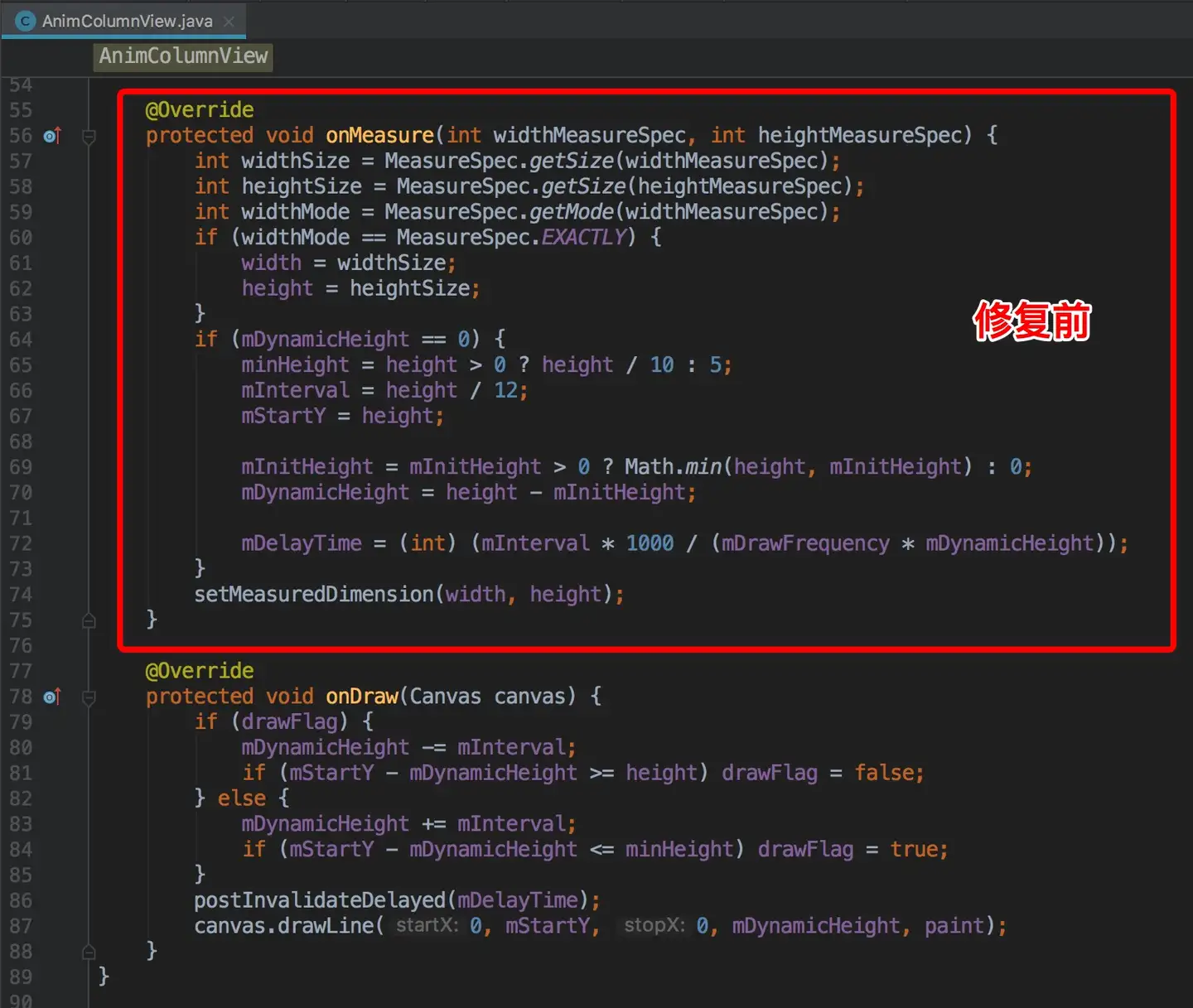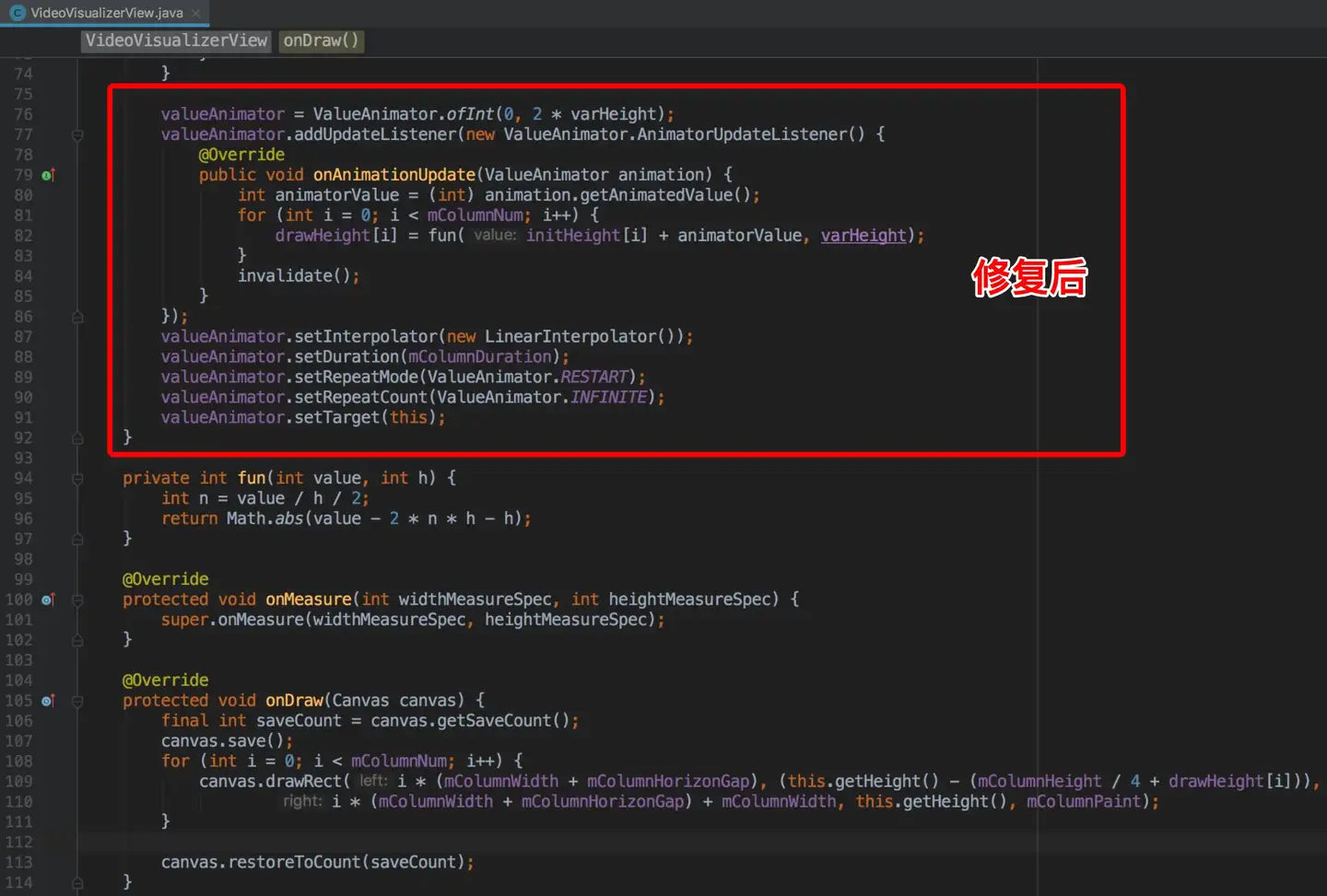 定位到原因之后,开发针对性的进行了修复。动画音符柱状图的实现,之前设计由多个可变化的单柱形View组成,单个柱形View重写了onMeasure & OnDraw方法,从外部柱状图View中初始化单个柱子的高度,然后自动根据一个函数式来变化高度。因为每次都需要层层调用Measure和对应的Layout,所以造成外层控件的多次layout,进而造成CPU占用率增大。修复之后,使用另一种方式实现,只重写了View的OnDraw方法,每次使用Canvas画出所有柱状图,使用ValueAnimator来计算变化柱状图高度,也不再影响父控件的Layout。如下是修复前后的核心代码:
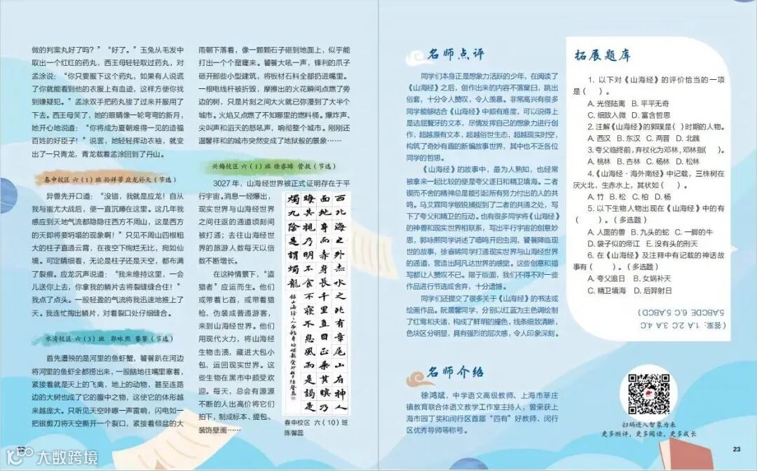 值得一提的是,在经典文化的阅读下,莘松中学开启了“中华小学士”的培养计划。学子们在《儿童时代》杂志“少年中国说”栏目的公益支持下,深入经典世界,聆听名家点拨,创作的书画作品屡登期刊与展览,实现了从“输入”到“输出”的跨越。
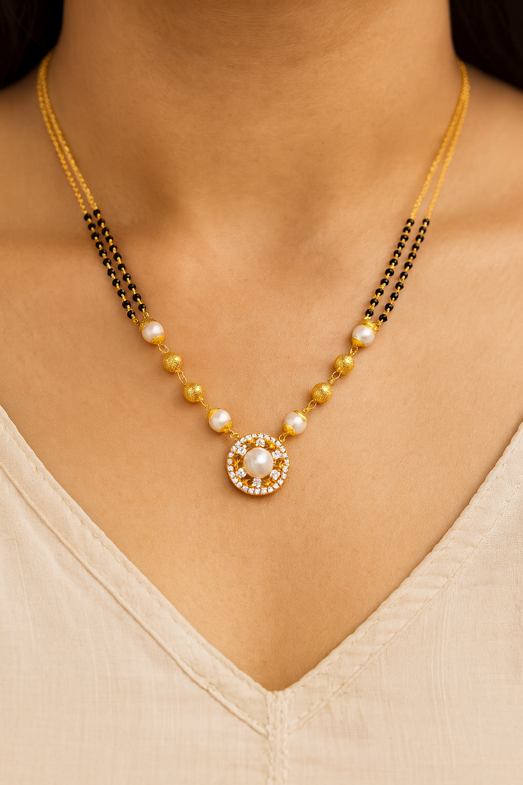 Elegant Pearl & CZ Daily Wear Mangalsutra – Gold Plated Double Chain Design
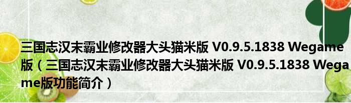 三国志汉末霸业修改器大头猫米版 V0.9.5.1838 Wegame版(三国志汉末霸业修改器大头猫米版 V0.9.5.1838 Wegame版功能简介)
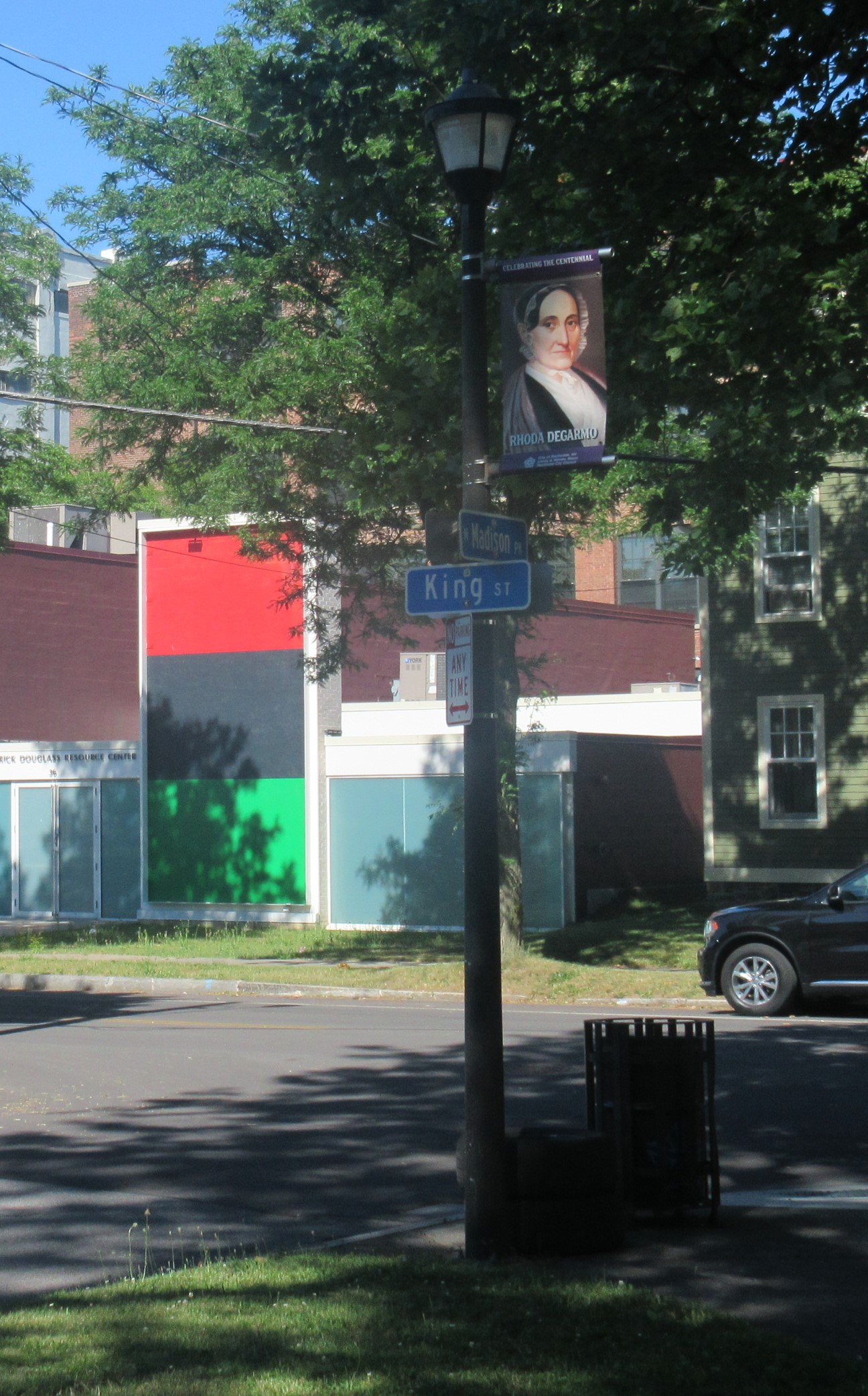Banners saluted a selection of collaborators such as Rhoda DeGarmo, a suffragette who was among those arrested with Anthony after Election Day 1872. She also organized anti-slavery fairs and was part of the Underground Railroad.

| DIRECTIONS |
An exact copy is needed of every line from the line containing "Elegant Pearl &" to the last line of the records; pictures stay out of it.

| SOLUTION FOR THIS EXERCISE |
 Elegant Pearl & CZ Daily Wear Mangalsutra – Gold Plated Double Chain Design
 三国志汉末霸业修改器大头猫米版 V0.9.5.1838 Wegame版(三国志汉末霸业修改器大头猫米版 V0.9.5.1838 Wegame版功能简介)
Banners saluted a selection of collaborators such as Rhoda DeGarmo, a suffragette who was among those arrested with Anthony after Election Day 1872. She also organized anti-slavery fairs and was part of the Underground Railroad.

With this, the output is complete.